If the used names data for many compilation units is actually not needed, can we avoid reading it from disk and parsing it in the first place? This would require an on-disk format with random access into the map of used names for a given unit.
Protobuf's documentation notes:
Protocol Buffers are not designed to handle large messages. As a general rule of thumb, if you are dealing in messages larger than a megabyte each, it may be time to consider an alternate strategy.
That said, Protocol Buffers are great for handling individual messages within a large data set. Usually, large data sets are really just a collection of small pieces, where each small piece may be a structured piece of data. Even though Protocol Buffers cannot handle the entire set at once, using Protocol Buffers to encode each piece greatly simplifies your problem: now all you need is to handle a set of byte strings rather than a set of structures.
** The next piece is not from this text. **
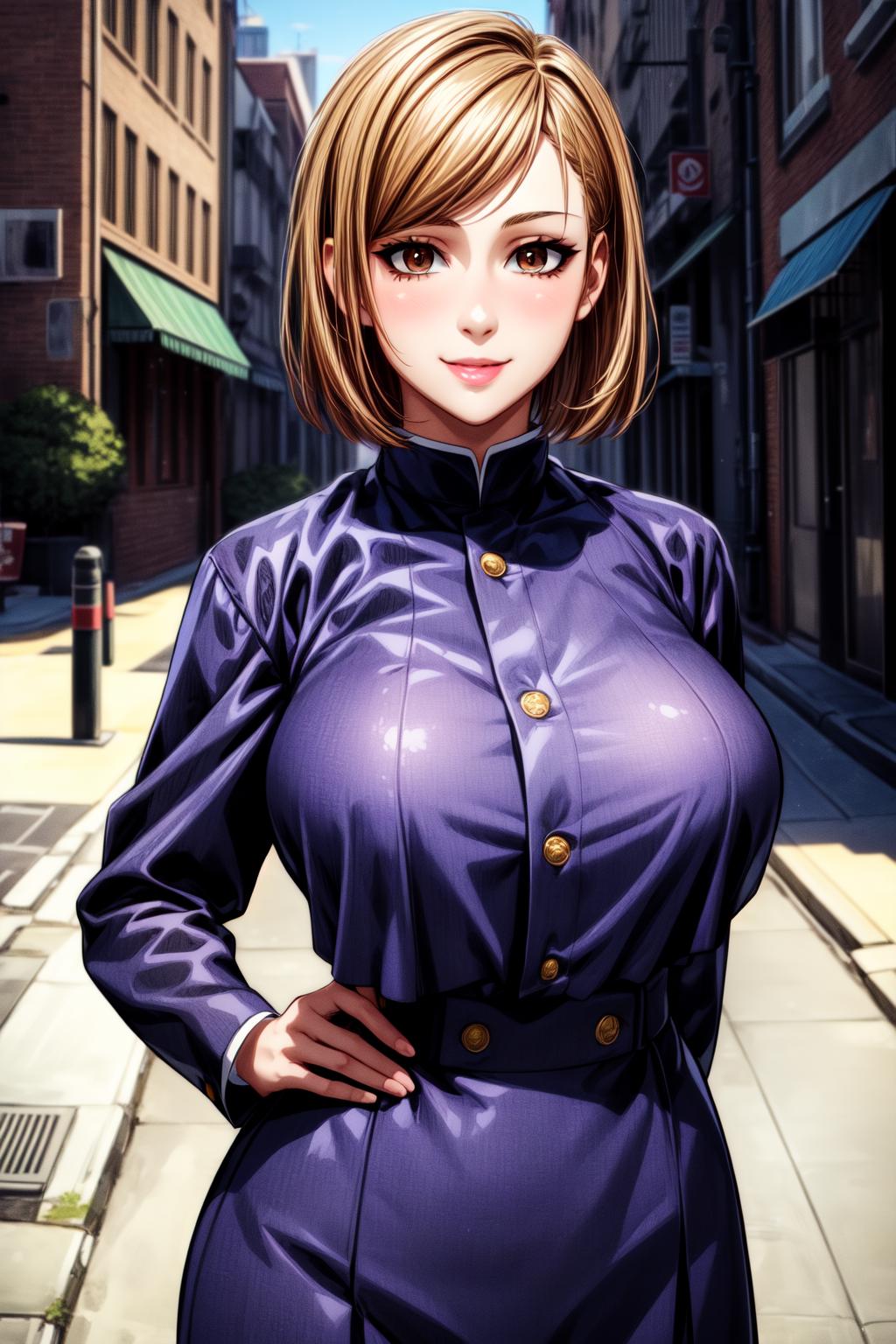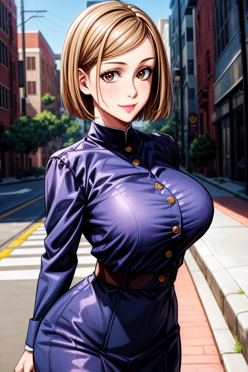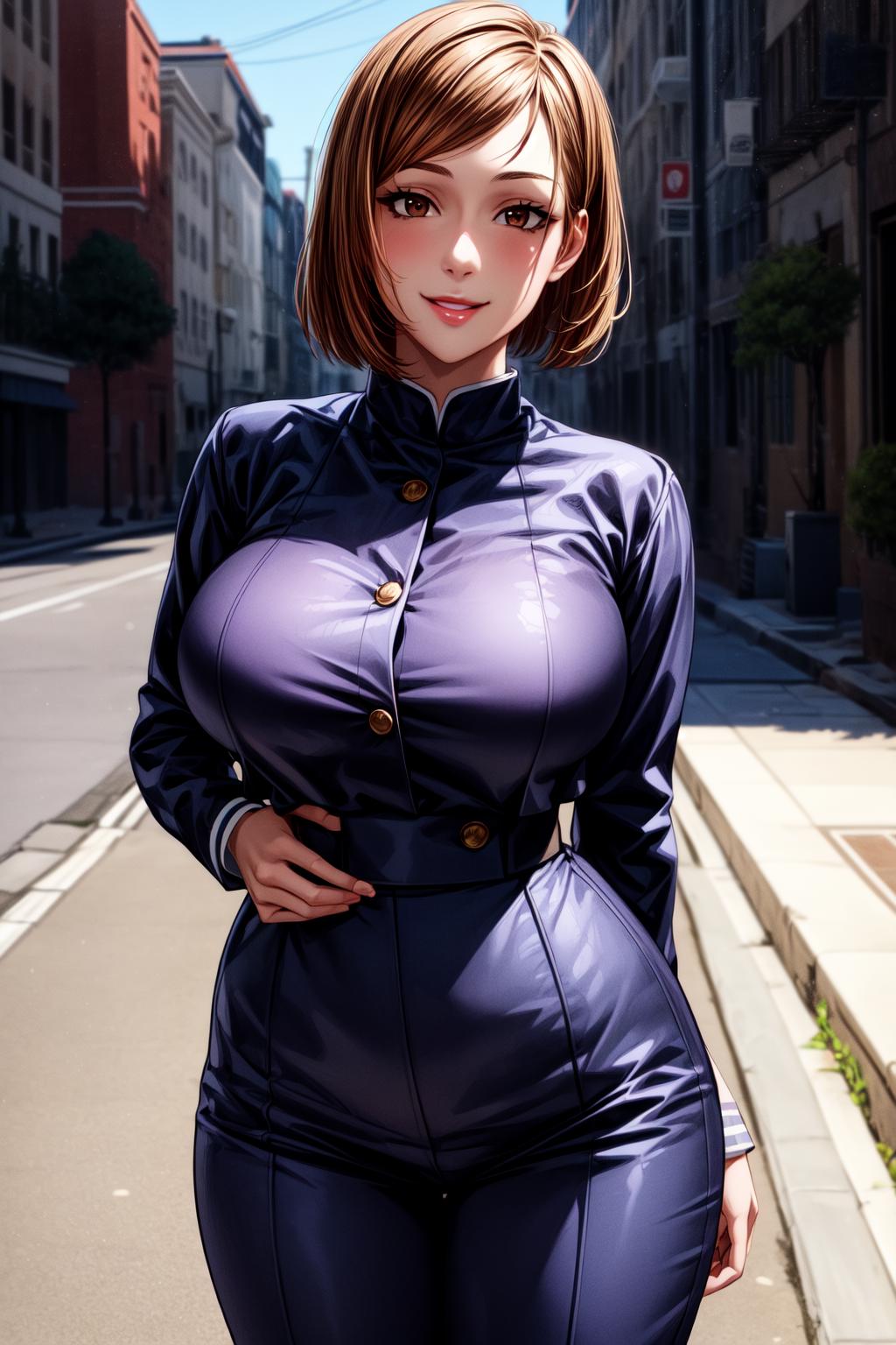 NobaraNDV, 1girl, large breasts, jujutsu uniform, looking at viewer, brown hair, short hair

Protocol Buffers do not include any built-in support for large data sets because different situations call for different solutions. Sometimes a simple list of records will do while other times you may want something more like a database. Each solution should be developed as a separate library, so that only those who need it need to pay the costs.
I could imagine an incremental change to the current format included an entry in inc_compile.zip for each compilation unit.
Moar Hashing?
Another #brainstorm: what if we compressed the used-names section by hashes of the names? i.e. rather than recording that A.scala -> ["println", "Predef", ...]
, we instead record that is references ["println".hashCode, "Predef".hascode, ...]
? Saving ints rather than Strings would reduce the size of the persisted form, avoid UTF-8 decoding and String interning on deserialization.
In case of hash collisions we would get over-compilation (although it would not propagate far.)